We collected environmental data from all 110 PSPs during January – June 2014. We adopted a soil sampling design (Supplementary Figure S1), collected 9 soil samples (to account for the within plot variation in soil parameters) from each PSP to a depth of 15 cm in polyethylene bags using a cylindrical soil core sampler of 5 cm in diameter for laboratory analysis. For soil texture analysis (percentage of sand, slit and clay), we used the hydrometer method21. We determined soil salinity (as electrical conductivity - EC) in a 1:5 distilled water:soil dilution22 using a conductivity meter (Extech 341350A-P Oyster). Soil pH and oxidation reduction potential (ORP) were measured in the field using digital soil pH and ORP (Extech RE300 ExStik) meters. Soil ammonium concentration (NH4) was determined following the Kjeldahl method23. We measured total phosphorus (P) using the molybdovanadate method and a 721-spectrophotometer. Soil potassium (K), magnesium (Mg), iron (Fe), zinc (Zn), copper (Cu) and sulfide concentrations were measured using an atomic absorption spectrophotometer (AA-7000). We analyzed each soil sample and then averaged (9 samples) the results. Five elevation (above-average sea level) readings for each PSP were extracted from the digital elevation model with accuracy (i.e. accuracy at pixel level) ±1 m for the Sundarbans region available in BFD24. We then averaged these 5 readings to minimize the error related to the digital elevation model. A proportional distance from the river-sea interface was used to calculate and classify “upriver position” (henceforth, URP) of each PSP25. Here ‘downstream’ represents the lower third (0–33% upriver from sea) of the estuarine system, ‘intermediate’ represents the middle third (34–66% upriver from sea) and ‘upstream’ represents the upper third (67–100% upriver from sea). This scheme is useful to understand each mangrove’s habitat preference along the downstream (seawater dominated river system) - upstream (freshwater dominated river system) gradient.

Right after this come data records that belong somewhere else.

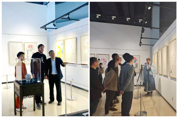 随后,国际学生前往上海中医药博物馆观赏陈家泠教授《岐黄丹青 造福人类》书画展,通过博物馆讲解员摩尔多瓦籍国际学生大礼物的讲解,同学们在中草药艺术书画与《本草纲目》中感受中医药文化与艺术精粹的交融。展览中,岐黄医学的精髓被艺术家化为绘画作品,不仅展示出了博大精深的中医药传统知识,以及匠心独运的艺术魅力,更透露出对人类健康的探索与关怀,彰显了中医药学对于世界人类健康福祉的贡献。就像上海中医药博物馆馆长李赣在给国际学生讲解员培训时,面对画作《咏梅》所指出的:这份作品是对毛泽东主席《卜算子·咏梅》的再创作,当时中国正处于三年自然灾害时期,毛主席写咏梅词鼓励大家坚强不屈、敢于战胜困难。表现了中华民族自力更生、自强不息的气概和中国文化的传承之道。以艺术之美绘本草之韵,这是我校将传统文化现代化的一次积极尝试,也是美育教育的生动实践,更是一场生动的大思政课。
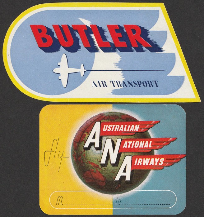 Air Transport, ANA Australian National Airways multi-colour luggage labels. VF fresh M. (2) (Image1)
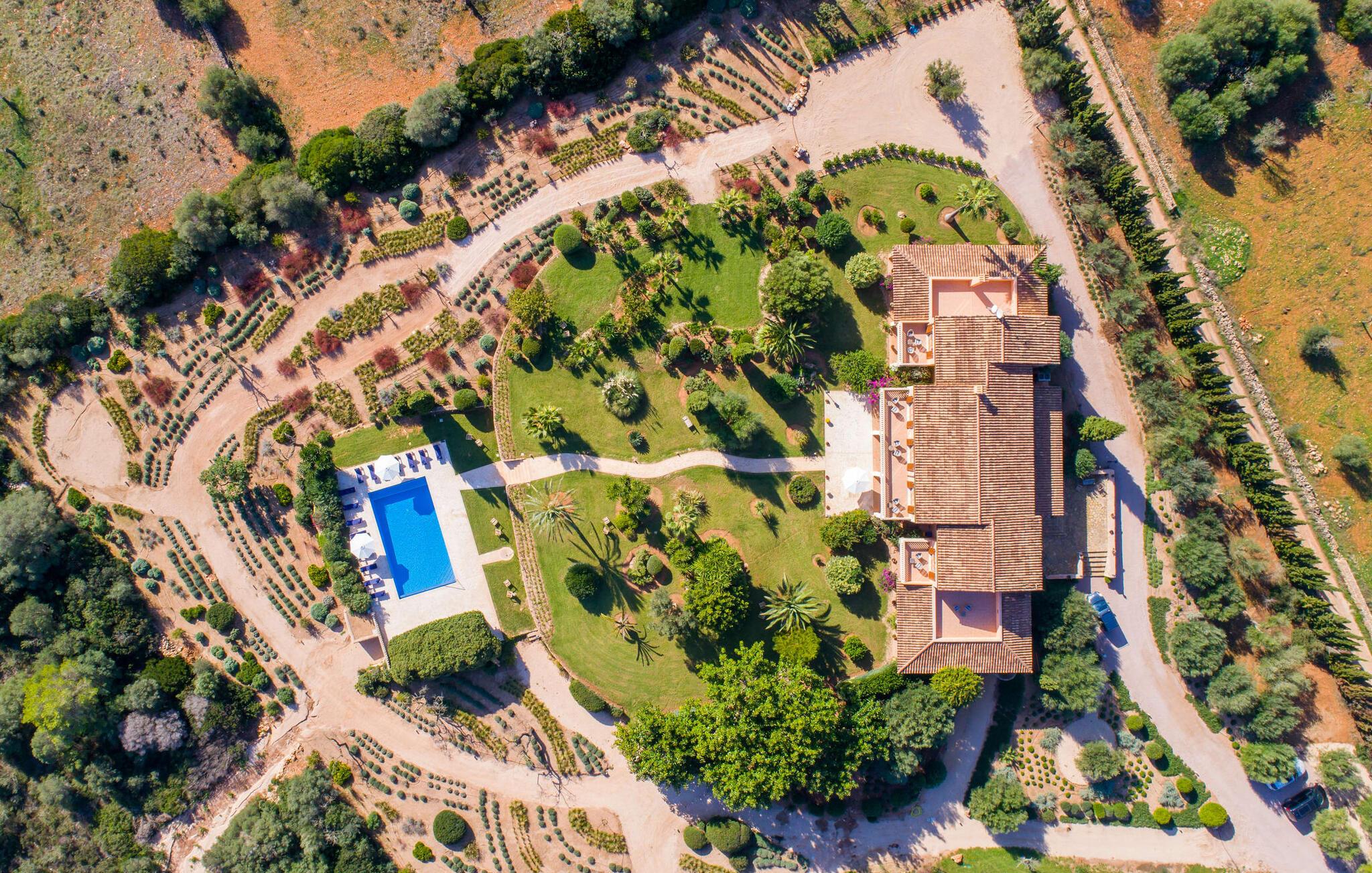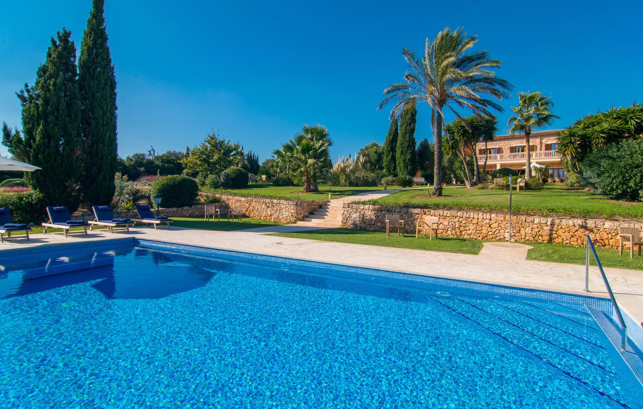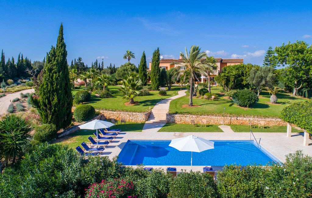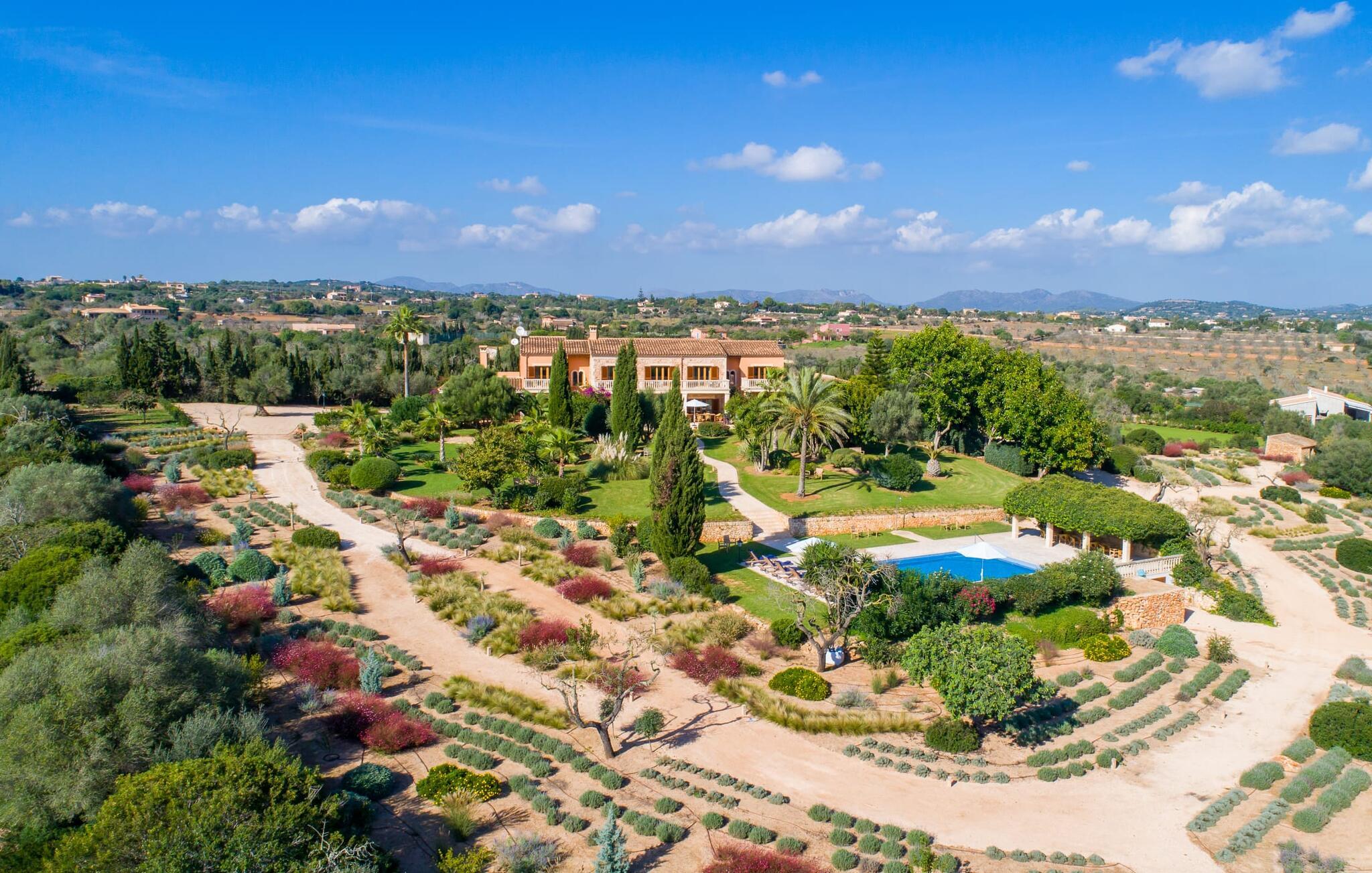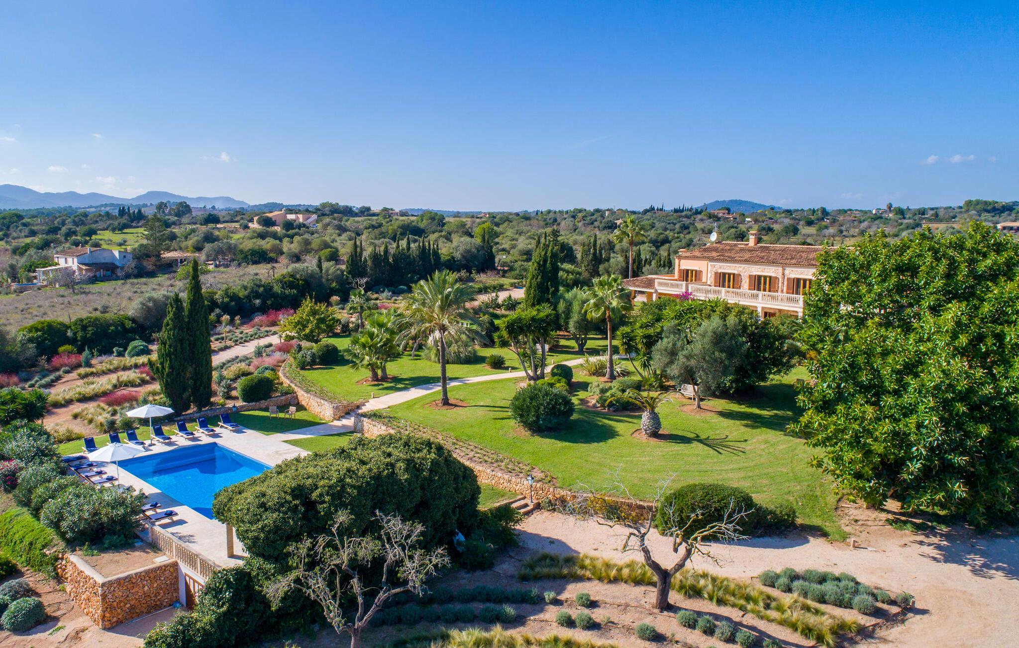 Den imponerende villaejendom "Can Ferragut de Porto Cristo" byder os velkommen med ynde og charme samt en betydelig ejendomsstørrelse på omkring 26.000 m². Haven, der indrammer huset, kan med rette kaldes en park, fordi den systematisk er anlagt med frodige græsplæner, enorme palmer, cypresser, frugttræer og utallige planter, der understreger middelhavskarakteren. Det er derfor næppe overraskende, at der er utallige steder at have det godt på ejendommen - til et øjebliks stilhed, meditation, en morgenyoga-session. Golfspillere eller sportsinteresserede kan nyde et ideelt træningsområde på de velholdte putting greens og træne til udfordringerne på de mallorcanske golfbaner. En smal sti fører fra det elegante feriehus til det attraktive poolområde. På den omkringliggende solterrasse kan I nyde det behagelige klima på komfortable liggestole og finde grønne, skyggefulde pletter. Yderligere overdækkede, jordnære terrasser og solbeskinnede altaner fuldender husets sofistikerede arkitektur. Særligt attraktivt er, at hvert af de velholdte dobbeltværelser har udgang til egen eller fælles terrasse - de seks stille værelser bliver selvstændige enheder med lejlighedspræg. Det en-suite badeværelse er naturligvis et absolut must og placerer denne fabelagtige villa i det øvre premium segment. Husets pragt er indlysende, men dets sofistikering ligger i detaljerne. Udover ovennævnte suiter finder I på 900 m² boligareal en rummelig opholdsstue med hyggelig salonstemning. Den består af et sofaområde foran en pejs og satellit-tv (du kan også nyde et væghængt tv i hvert af de smarte dobbeltværelser), en åben spiseplads, et praktisk opholdsområde og et hyggeligt læsehjørne. Vinduerne åbner ud til verandaen, hvorfor de rummelige værelser er badet i behageligt lysindfald med terracotta-fliser og fritlagte træbjælker. Køkkenet er naturligvis fuldt udstyret og har køleskabe nok til, at I altid har en kølig drink lige ved hånden. I interiøret danner en klassisk mallorcansk stil med et strejf af landlig hygge en særlig attraktiv symbiose med moderne dekorative elementer, der skaber en unik blanding af stilarter. Her kan I ikke kun tilbringe en perfekt ferie, men også holde en større fest i en afslappet atmosfære. Den imponerende villa "Can Ferragut de Porto Cristo" er omgivet af en lige så imponerende stor park med golf putting greens. Den storslåede ejendom er beliggende nær den tidligere fiskerby Porto Cristo på Mallorcas østkyst. I kan gøre jeres indkøb her i supermarkedet eller på det ugentlige marked. Den nærliggende Manacor er ideel til omfattende shoppingture. Smukke strande med fint sand som Cala Anguila eller Cala Mendia er kun en kort køretur væk.

Covariate selection for mangrove HSMs
To construct a biologically informative covariate set for our HSMs, we followed the conceptual framework developed for mangroves26. This comprises three broad categories of variables (i.e. resources, regulators and hydroperiod) that are believed to control mangrove forest structure and function27,28,29. Resources (i.e. nutrients) are depleted by mangrove trees and their availability is linked to tree productivity and indirect competition among individual trees. Here, we used soil NH4, P, K, Mg, Fe and Zn based upon the detailed explanation of nutrient requirements of mangroves available in the mangrove literature28. Regulators are non-resource variables that influence mangrove growth. We employed soil salinity as our main regulator. Hydroperiod (the duration, frequency and depth of inundation) is recognized as an important determinant of mangrove distribution29. Sundarbans PSP-based hydroperiod data are available, so we used PSP elevation as a proxy that reflects the likely variation in hydroperiod across the area. We also included URP of each PSP as a predictor to account for the influence of the river systems on each mangrove’s distributions along the downstream-upstream gradient.

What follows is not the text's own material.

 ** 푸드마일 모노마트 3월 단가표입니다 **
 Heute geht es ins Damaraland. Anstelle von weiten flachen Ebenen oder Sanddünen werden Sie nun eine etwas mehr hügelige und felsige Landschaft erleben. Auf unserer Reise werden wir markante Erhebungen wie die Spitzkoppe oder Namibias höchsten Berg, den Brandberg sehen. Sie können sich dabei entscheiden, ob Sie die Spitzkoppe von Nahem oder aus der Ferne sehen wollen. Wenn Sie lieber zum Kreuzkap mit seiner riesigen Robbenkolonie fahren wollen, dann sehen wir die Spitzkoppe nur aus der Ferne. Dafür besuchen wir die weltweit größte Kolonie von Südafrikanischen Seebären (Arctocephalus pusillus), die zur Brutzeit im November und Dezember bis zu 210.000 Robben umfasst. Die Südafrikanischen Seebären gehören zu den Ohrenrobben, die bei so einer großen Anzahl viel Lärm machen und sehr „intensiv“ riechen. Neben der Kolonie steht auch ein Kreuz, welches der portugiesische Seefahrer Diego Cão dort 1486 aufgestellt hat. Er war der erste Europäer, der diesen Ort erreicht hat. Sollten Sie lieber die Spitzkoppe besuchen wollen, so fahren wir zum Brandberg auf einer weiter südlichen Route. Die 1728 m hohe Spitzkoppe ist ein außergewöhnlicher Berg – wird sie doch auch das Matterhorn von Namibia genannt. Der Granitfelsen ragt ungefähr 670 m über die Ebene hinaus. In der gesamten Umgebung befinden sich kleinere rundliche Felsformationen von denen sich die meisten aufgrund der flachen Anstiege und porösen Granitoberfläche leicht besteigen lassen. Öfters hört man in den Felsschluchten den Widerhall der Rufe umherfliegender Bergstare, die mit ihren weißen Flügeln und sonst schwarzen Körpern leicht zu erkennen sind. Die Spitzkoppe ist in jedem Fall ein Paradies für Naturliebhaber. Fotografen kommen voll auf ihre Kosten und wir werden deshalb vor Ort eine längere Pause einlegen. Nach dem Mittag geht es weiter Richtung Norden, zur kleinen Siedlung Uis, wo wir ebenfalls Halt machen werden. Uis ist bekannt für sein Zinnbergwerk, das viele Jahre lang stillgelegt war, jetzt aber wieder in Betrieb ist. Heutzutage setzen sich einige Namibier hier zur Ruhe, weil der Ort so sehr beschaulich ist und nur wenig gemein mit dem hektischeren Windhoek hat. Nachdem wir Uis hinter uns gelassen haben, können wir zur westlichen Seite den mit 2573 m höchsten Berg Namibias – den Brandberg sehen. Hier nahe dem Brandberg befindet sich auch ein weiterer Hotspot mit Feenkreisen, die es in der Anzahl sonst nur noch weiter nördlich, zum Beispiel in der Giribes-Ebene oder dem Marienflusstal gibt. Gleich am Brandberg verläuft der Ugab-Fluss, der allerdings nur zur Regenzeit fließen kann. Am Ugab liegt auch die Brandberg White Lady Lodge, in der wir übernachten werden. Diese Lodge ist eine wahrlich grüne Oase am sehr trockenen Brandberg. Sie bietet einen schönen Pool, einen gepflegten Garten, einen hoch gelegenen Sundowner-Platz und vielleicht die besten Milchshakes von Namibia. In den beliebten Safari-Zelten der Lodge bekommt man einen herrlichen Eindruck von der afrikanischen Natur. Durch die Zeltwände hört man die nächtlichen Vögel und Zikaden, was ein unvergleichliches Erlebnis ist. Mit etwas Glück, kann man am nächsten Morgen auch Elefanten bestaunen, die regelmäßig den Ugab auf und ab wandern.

The relative abundance of one mangrove species might influence the abundance of another via biotic interactions i.e. competition or facilitation30 and each individual tree interacts with the trees (both conspecifics and heterospecifics) that are in its neighbourhood through multiple concurrent interactions31. Given the super-dominance of E. agallocha and H. fomes (see Tree surveys section) and tree structural complexities (i.e. multiple stems in C. decandra, large below ground biomass for modified root systems in H. fomes, C. decandra and X. mekongensis) in the ecosystem which might have increased tree measurement (i.e. diameter, height) errors, we initially considered two alternative measures of abundance: 1) density of all stems (including stems on multiple stemmed individual) for each plot and 2) total basal area (including stems on multiple stemmed individual) for each plot as biotic variables. HSMs of species with basal area as a covariate had lower explanatory and predictive powers, compared to models with density of all stems. Therefore, we selected density of all stems for each plot (henceforth, DAS) as the biotic variable. We acknowledge that the salinity-stressed western and southern habitats of the Sundarbans have many small diameter (with stunted growth) E. agallocha and H. fomes trees32 that may not compete. Disentangling biotic influences from abiotic effects in structuring ecological communities and regulating single species distributions is still an open problem33. However, the inclusion of stem densities as a simple proxy of biotic interaction is known to enhance the explanatory and predictive power of HSMs for other forest systems34,33.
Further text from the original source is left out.